> **DIRECTIONS FOR THIS TASK**: Restate word for word the lines below from the one that has "EXCLUSIVITE :Au cœur" through the one that has "Грузовое судно True", keeping both and dropping all pictures.

> **MATERIAL PROVIDED**:
* * * * *
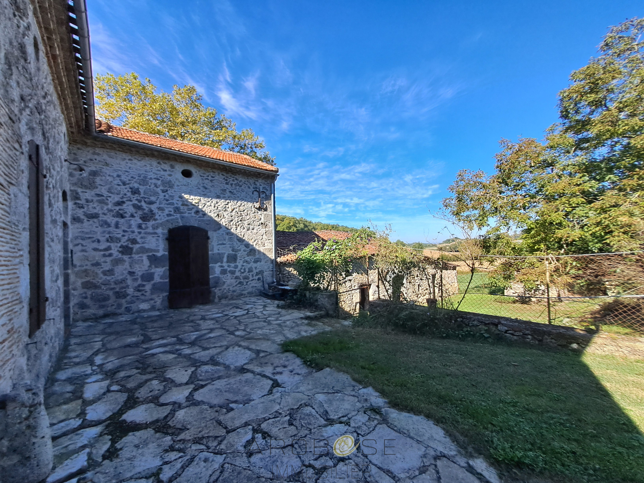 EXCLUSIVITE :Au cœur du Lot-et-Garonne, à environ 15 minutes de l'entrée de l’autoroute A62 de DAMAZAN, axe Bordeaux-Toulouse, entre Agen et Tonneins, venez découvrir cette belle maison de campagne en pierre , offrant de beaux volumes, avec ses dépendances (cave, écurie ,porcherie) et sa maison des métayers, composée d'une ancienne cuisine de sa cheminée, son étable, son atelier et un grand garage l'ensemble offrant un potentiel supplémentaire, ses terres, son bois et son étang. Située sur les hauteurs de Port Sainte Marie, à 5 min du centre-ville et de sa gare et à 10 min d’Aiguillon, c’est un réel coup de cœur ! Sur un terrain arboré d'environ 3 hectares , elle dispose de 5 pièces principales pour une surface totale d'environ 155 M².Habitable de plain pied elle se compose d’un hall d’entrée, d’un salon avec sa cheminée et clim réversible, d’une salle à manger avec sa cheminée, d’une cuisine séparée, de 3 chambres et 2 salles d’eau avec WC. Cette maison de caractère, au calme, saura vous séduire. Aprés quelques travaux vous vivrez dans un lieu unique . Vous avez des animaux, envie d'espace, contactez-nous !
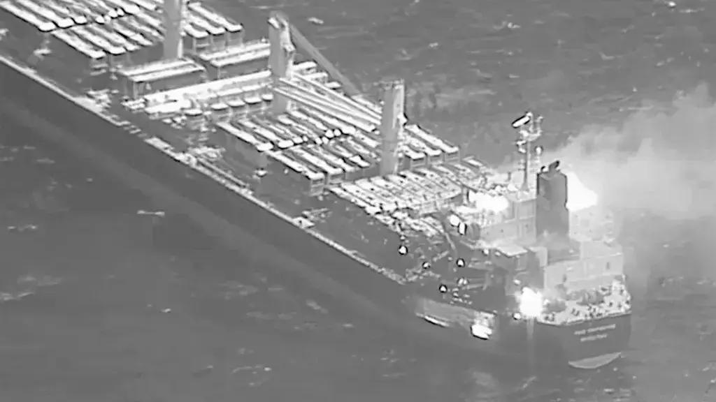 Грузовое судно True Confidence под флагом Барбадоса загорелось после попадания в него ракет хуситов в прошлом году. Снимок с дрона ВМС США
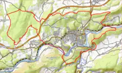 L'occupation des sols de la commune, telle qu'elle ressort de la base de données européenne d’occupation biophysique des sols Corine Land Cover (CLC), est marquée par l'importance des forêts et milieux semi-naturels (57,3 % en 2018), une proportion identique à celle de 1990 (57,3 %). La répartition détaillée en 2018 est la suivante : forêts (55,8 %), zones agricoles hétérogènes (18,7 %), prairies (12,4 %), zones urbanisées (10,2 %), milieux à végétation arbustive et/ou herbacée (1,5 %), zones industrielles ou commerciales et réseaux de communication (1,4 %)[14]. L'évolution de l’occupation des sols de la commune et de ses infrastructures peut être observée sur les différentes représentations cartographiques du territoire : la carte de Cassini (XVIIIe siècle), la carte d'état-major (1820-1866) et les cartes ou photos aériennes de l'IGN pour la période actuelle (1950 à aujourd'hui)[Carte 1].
* * * * *
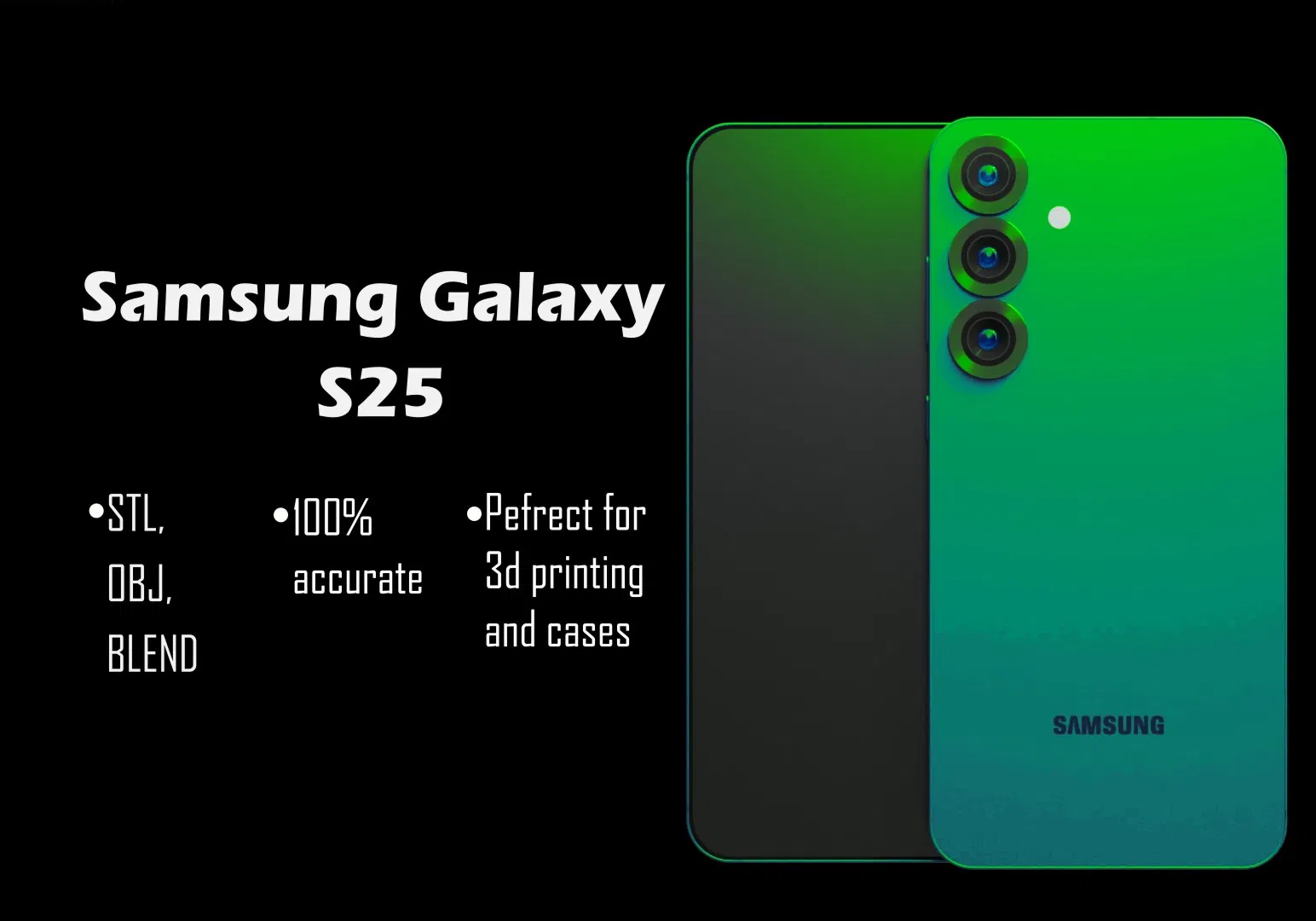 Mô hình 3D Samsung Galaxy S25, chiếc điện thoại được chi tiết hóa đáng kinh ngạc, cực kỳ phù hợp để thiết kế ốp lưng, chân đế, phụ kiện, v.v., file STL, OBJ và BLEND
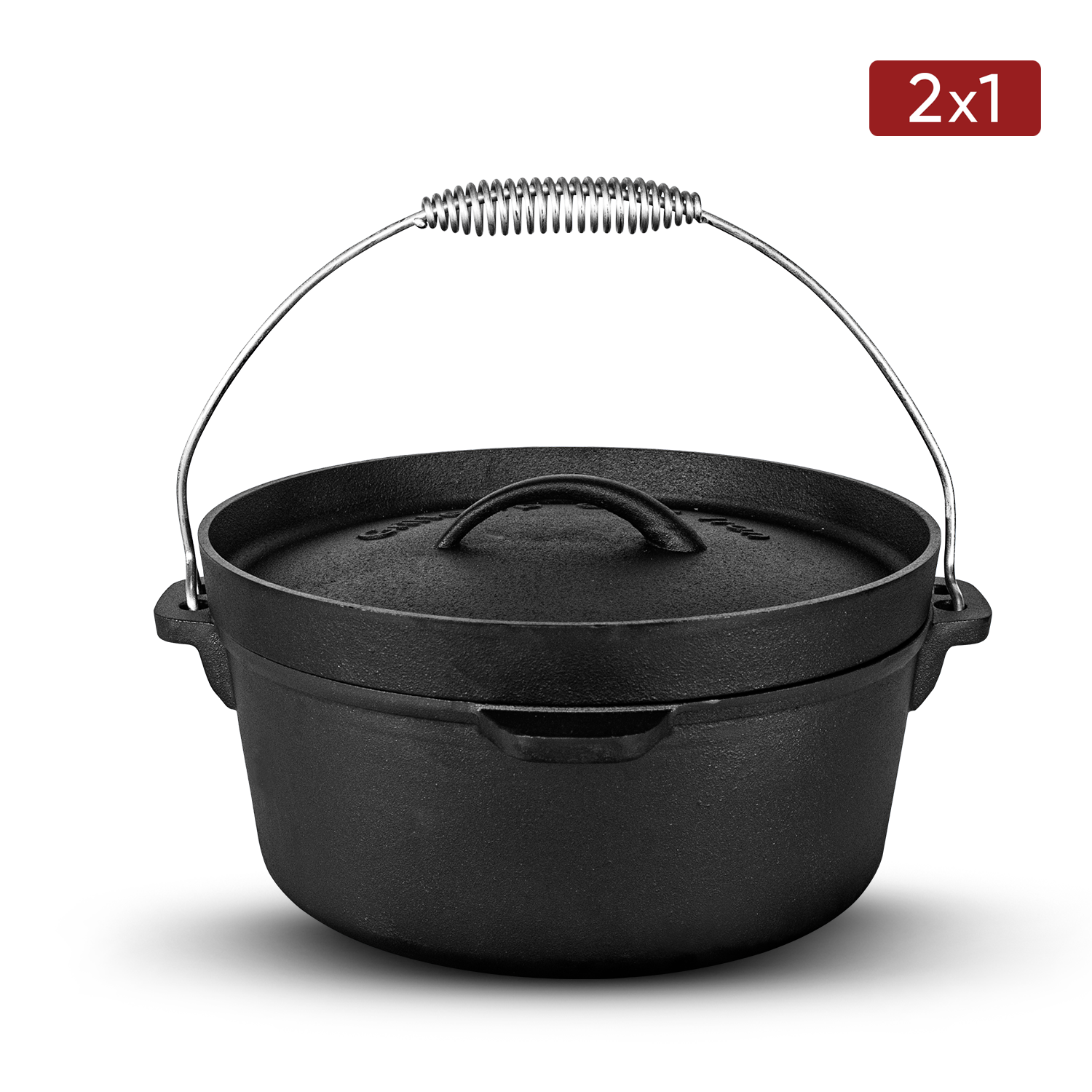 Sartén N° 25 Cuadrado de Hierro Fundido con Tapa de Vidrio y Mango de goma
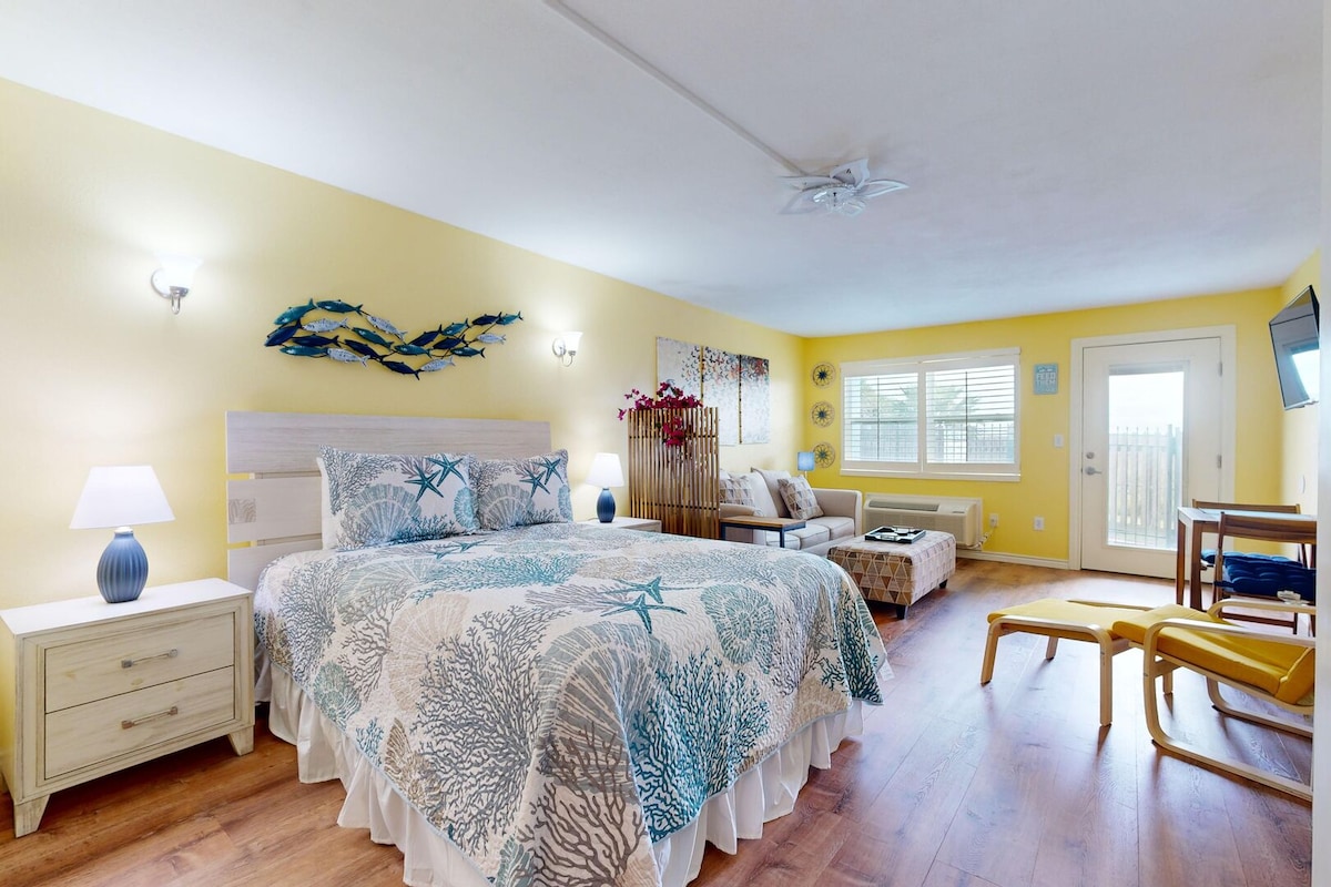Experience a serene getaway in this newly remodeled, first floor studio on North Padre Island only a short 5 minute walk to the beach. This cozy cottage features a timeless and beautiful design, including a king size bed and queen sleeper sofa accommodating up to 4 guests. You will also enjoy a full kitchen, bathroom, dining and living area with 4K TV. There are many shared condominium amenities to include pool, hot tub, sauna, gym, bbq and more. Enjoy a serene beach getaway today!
* * * * *
> **TASK RESPONSE**:
 EXCLUSIVITE :Au cœur du Lot-et-Garonne, à environ 15 minutes de l'entrée de l’autoroute A62 de DAMAZAN, axe Bordeaux-Toulouse, entre Agen et Tonneins, venez découvrir cette belle maison de campagne en pierre , offrant de beaux volumes, avec ses dépendances (cave, écurie ,porcherie) et sa maison des métayers, composée d'une ancienne cuisine de sa cheminée, son étable, son atelier et un grand garage l'ensemble offrant un potentiel supplémentaire, ses terres, son bois et son étang. Située sur les hauteurs de Port Sainte Marie, à 5 min du centre-ville et de sa gare et à 10 min d’Aiguillon, c’est un réel coup de cœur ! Sur un terrain arboré d'environ 3 hectares , elle dispose de 5 pièces principales pour une surface totale d'environ 155 M².Habitable de plain pied elle se compose d’un hall d’entrée, d’un salon avec sa cheminée et clim réversible, d’une salle à manger avec sa cheminée, d’une cuisine séparée, de 3 chambres et 2 salles d’eau avec WC. Cette maison de caractère, au calme, saura vous séduire. Aprés quelques travaux vous vivrez dans un lieu unique . Vous avez des animaux, envie d'espace, contactez-nous !
 Грузовое судно True Confidence под флагом Барбадоса загорелось после попадания в него ракет хуситов в прошлом году. Снимок с дрона ВМС США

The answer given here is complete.